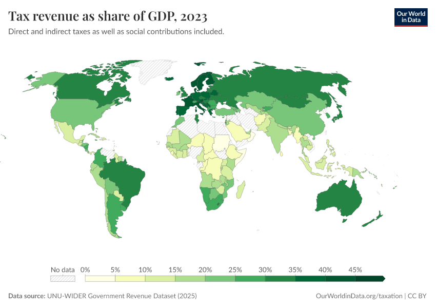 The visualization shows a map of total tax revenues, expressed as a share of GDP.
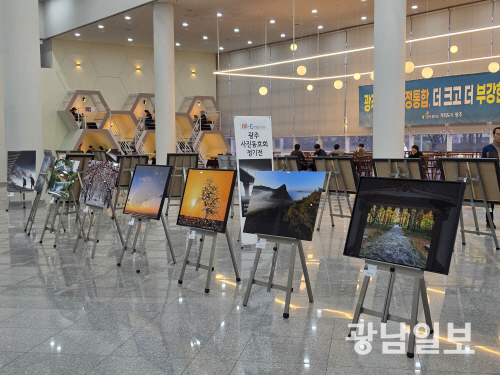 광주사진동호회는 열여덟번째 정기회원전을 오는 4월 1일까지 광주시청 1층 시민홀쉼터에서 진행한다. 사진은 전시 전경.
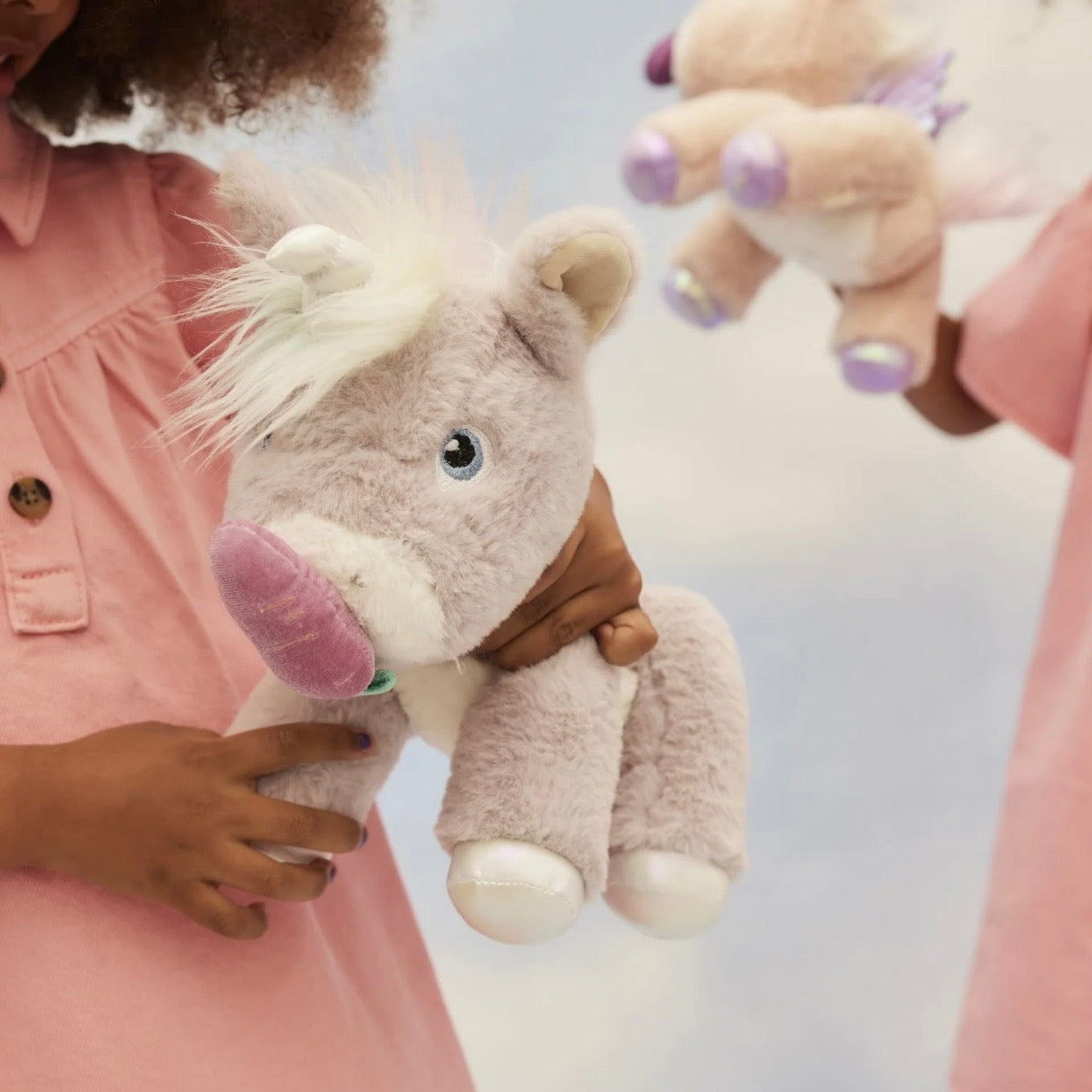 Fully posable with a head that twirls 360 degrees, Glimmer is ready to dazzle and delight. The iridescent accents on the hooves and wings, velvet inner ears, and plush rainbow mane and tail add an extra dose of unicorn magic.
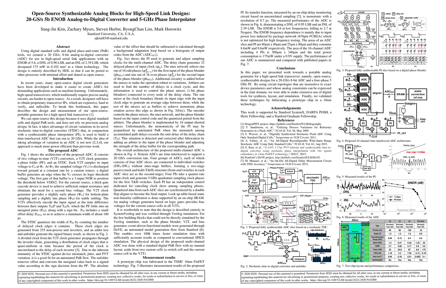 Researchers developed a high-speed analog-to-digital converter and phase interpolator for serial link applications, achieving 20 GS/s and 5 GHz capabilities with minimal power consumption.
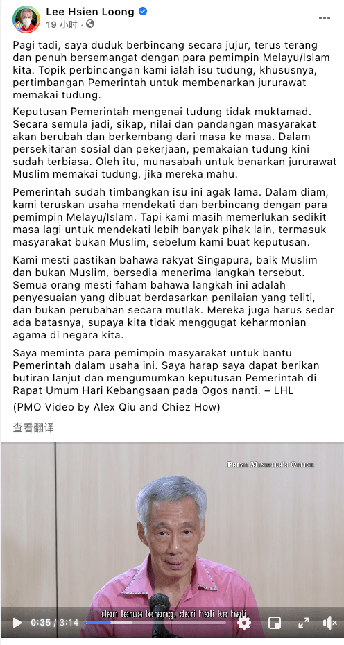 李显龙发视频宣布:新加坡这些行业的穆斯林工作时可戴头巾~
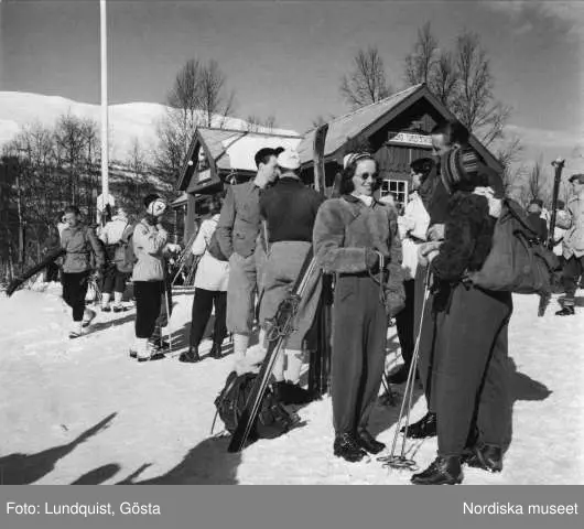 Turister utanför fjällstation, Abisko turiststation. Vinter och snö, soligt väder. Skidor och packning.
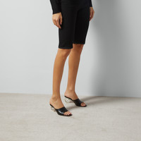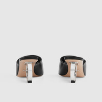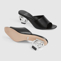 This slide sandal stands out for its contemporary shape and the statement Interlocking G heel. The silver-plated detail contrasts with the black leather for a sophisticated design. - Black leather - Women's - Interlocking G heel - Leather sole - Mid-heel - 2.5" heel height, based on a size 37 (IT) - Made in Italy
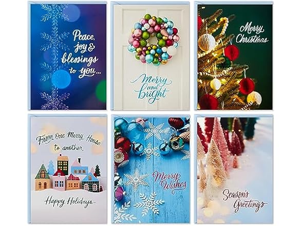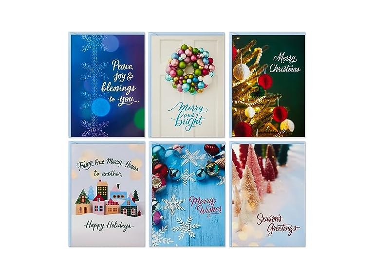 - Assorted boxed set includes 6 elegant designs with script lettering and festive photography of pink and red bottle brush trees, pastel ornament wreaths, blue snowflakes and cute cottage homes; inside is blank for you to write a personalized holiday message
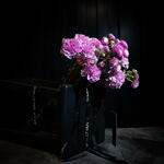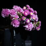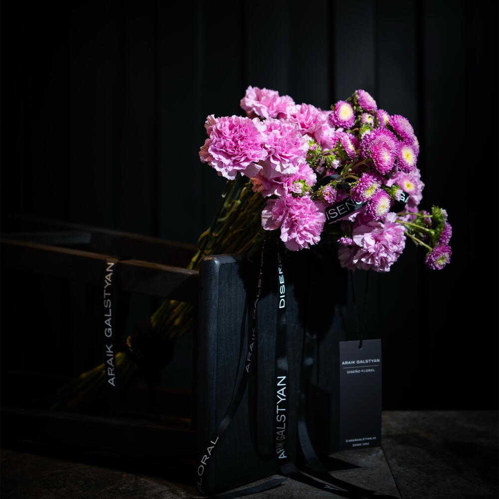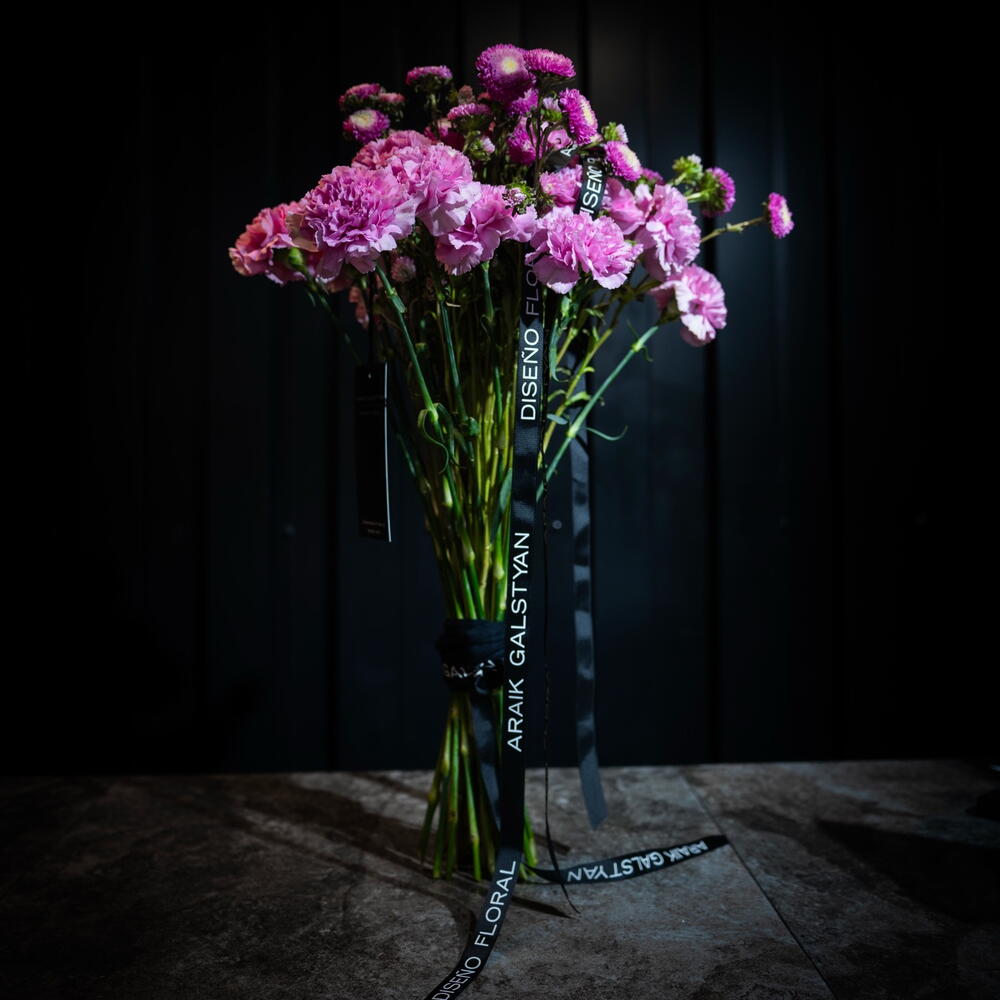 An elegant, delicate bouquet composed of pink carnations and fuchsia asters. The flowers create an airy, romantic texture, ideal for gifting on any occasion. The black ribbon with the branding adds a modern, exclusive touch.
· · · ·
**Exercise requirements:** Your reply should contain only an exact copy of the lines from the beginning of the material through the line with "This slide sandal", both ends included, with the pictures removed.

**Solved exercise:**
 The visualization shows a map of total tax revenues, expressed as a share of GDP.
 광주사진동호회는 열여덟번째 정기회원전을 오는 4월 1일까지 광주시청 1층 시민홀쉼터에서 진행한다. 사진은 전시 전경.
 Fully posable with a head that twirls 360 degrees, Glimmer is ready to dazzle and delight. The iridescent accents on the hooves and wings, velvet inner ears, and plush rainbow mane and tail add an extra dose of unicorn magic.
 Researchers developed a high-speed analog-to-digital converter and phase interpolator for serial link applications, achieving 20 GS/s and 5 GHz capabilities with minimal power consumption.
 李显龙发视频宣布:新加坡这些行业的穆斯林工作时可戴头巾~
 Turister utanför fjällstation, Abisko turiststation. Vinter och snö, soligt väder. Skidor och packning.
 This slide sandal stands out for its contemporary shape and the statement Interlocking G heel. The silver-plated detail contrasts with the black leather for a sophisticated design. - Black leather - Women's - Interlocking G heel - Leather sole - Mid-heel - 2.5" heel height, based on a size 37 (IT) - Made in Italy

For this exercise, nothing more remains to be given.